Висенте Эспинель - Жизнь Маркоса де Обрегон
Глава XXII
Я ушел из Бискайи, воздавая ей тысячу благословений, насколько мог скорее, чтобы прибыть в Виторию, где нашел одного кабальеро, своего друга, по имени дон Фелипе де Лескано, и он приютил меня и ухаживал за мной, так что я мог оправиться от случившегося несчастья. И, чтобы не упускать случая повидать все, оттуда я отправился в Наварру,[246] коннетаблем которой был тогда сын великого герцога Альбы, дон Фернандо де Толедо,[247] но на этот раз с большей осторожностью, чтобы не попасть в какую-нибудь необдуманную историю; потому что в каждом королевстве, городе и селении есть различные обычаи, и тот, кто их не знает, должен считаться с местными условиями, живя хорошо и спокойно. И я всегда старался считаться с первым доказательством этого, какое дала мне неприятность на мельнице, если только я не забывал об этом, – ибо, будучи молодым, иногда спотыкался, главным образом, в таких делах, в которых можно поумнеть только с возрастом. Тем более необходимо выполнение обычая в таких делах, что эти обычаи с привычкой становятся легче, и если они не противны разуму, то не должно оставлять их, если только что-нибудь другое не заставляет сделать этого.
В конце концов я так вел себя в Наварре и Арагоне, что приобрел много друзей. И, по прибытии в Сарагосу, город и столицу древнего королевства Арагон, которая тогда не имела той доброй славы, какой заслуживала бы, я нашел столько и таких добрых друзей, что по любви, какую они обнаруживали ко мне, я казался скорее местным уроженцем, чем чужестранцем. Но я все время был очень осторожен и старался не заглядывать в окна, – потому что жители этого королевства ужасно ревнивы, – ни с кем не затевать ссоры, не обращать внимания на малозначащие слова, ибо из этого возникает вражда и ненависть.

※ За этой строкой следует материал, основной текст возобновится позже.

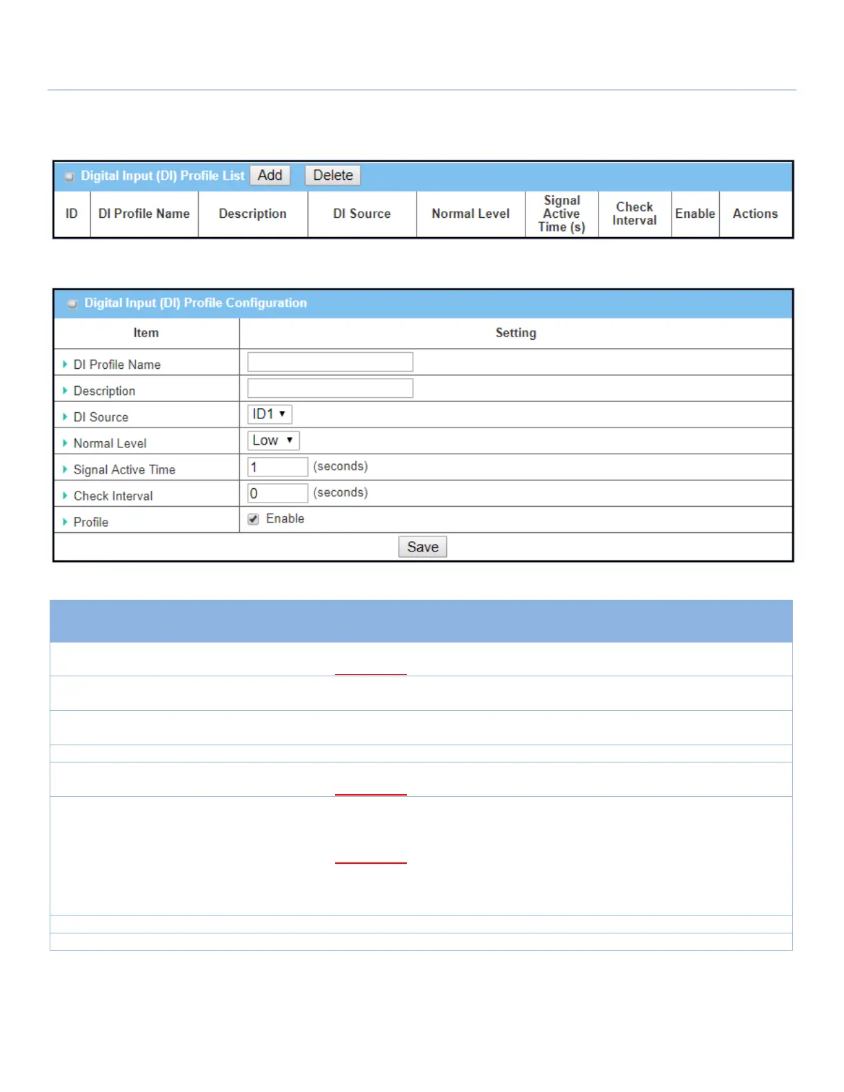 When the Add button is applied, the Digital Input (DI) Profile Configuration screen will appear.

Мне оказал честь приглашением в свой дом на то время, что я там находился, один знатный вельможа, большой любитель музыки и всех проявлений ума и добродетели, окружая меня почетом и помогая в моей нужде. Поддержка, которую он мне оказал, была настолько значительна, что я стал развлекаться игрой больше, чем это было разумно, хотя до тех пор я этому не предавался, а этого оказалось достаточно, чтобы мне рассеяться и предаться этому пороку, что причинило мне еще больше беспокойства. Ибо я предался тому, чему предавались все, так как во дворце столь велика праздность и так мало поощряются литературные упражнения и занятия науками. Это порок против христианской любви, преисполненный необузданного гнева в том, кто выигрывает, и вынужденного смирения в том, кто проигрывает, – порок, так захватывающий того, кто ему предается, что не оставляет ему воли на что-либо другое. Один игру предпочитает чести, другой оставляет умирать с голоду жену и детей, – и это бедствия самые обычные, потому что есть еще много других, о которых нельзя и невыносимо говорить.

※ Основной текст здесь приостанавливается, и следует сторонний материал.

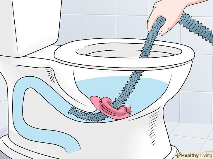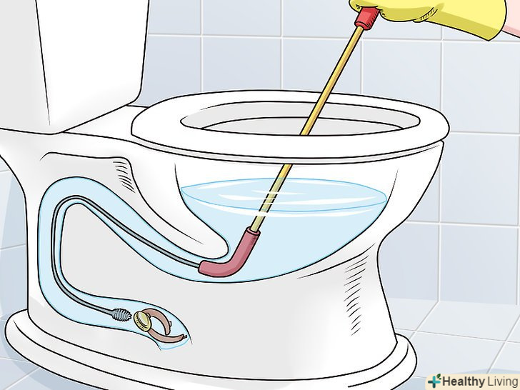 Купіть або позичте трос для прочищення труб. такий трос (також називається "гнучкий вал", "їжачок") являє собою гнучку дріт, яка може проникати в повороти зливних труб глибше жорсткої дроту. Найкраще використовувати шнековий трос, який дозволить видалити засмічення і при цьому не пошкодити і не забруднити унітаз . Практично всі Слюсарі використовують такий трос. [7]

Один очень рассудительный идальго пускался на такие уловки ради игры и оказался настолько во власти этого обычая, – причем привычка уже превратилась в природу, – что даже когда его мать стала упрекать его и просить бросить игру, обещая отдать ему все свое состояние, которое было немалым, он ответил, что подобен человеку, пронзенному кинжалом и живущему, пока кинжал находится в ране, а если его вынуть, то он сейчас же умрет, – и что если его лишат игры, то он тоже должен будет умереть. Но так велико желание выигрывающего и так велико отчаянье проигрывающего, что ни первый не останавливается, пока не погибнет, ни другой не живет, пока не вознаградит себя. Один беспокоится из-за выигрыша, другой задыхается от надежды выиграть, и оба легко меняются положением; но обычно долго не удерживаются в одном положении, и нельзя представить себе той адской ненависти, какую питает проигрывающий к выигрывающему, хотя он всячески скрывает ее, так что кажется, что в этом отношении у него не хватает познания основной причины, происходящей оттого, что он не может отомстить своему врагу. Тот, кто захотел бы посеять раздор между двумя большими друзьями, пусть заставит их играть друг против друга, ибо дьяволу не нужно больших усилий, чтобы сделать их большими врагами; такова сила ненависти, возникающей в игре: сколько из-за игры происходит гнусных убийств, совершенных с насилием и предательством, сколько краж и обманов! Я не хочу опять представлять себе то, что я видел происходящим во время игры и из-за игры; я хочу только сказать, что она обладает такой властью, что человек, стремящийся сосредоточиться, или чтобы писать, или чтобы читать, или ради других добродетельных занятий, если он один раз сядет за игру и проиграет, то он будет нуждаться в помощи не ба, чтобы опять связать нить там, где он ее оборвал.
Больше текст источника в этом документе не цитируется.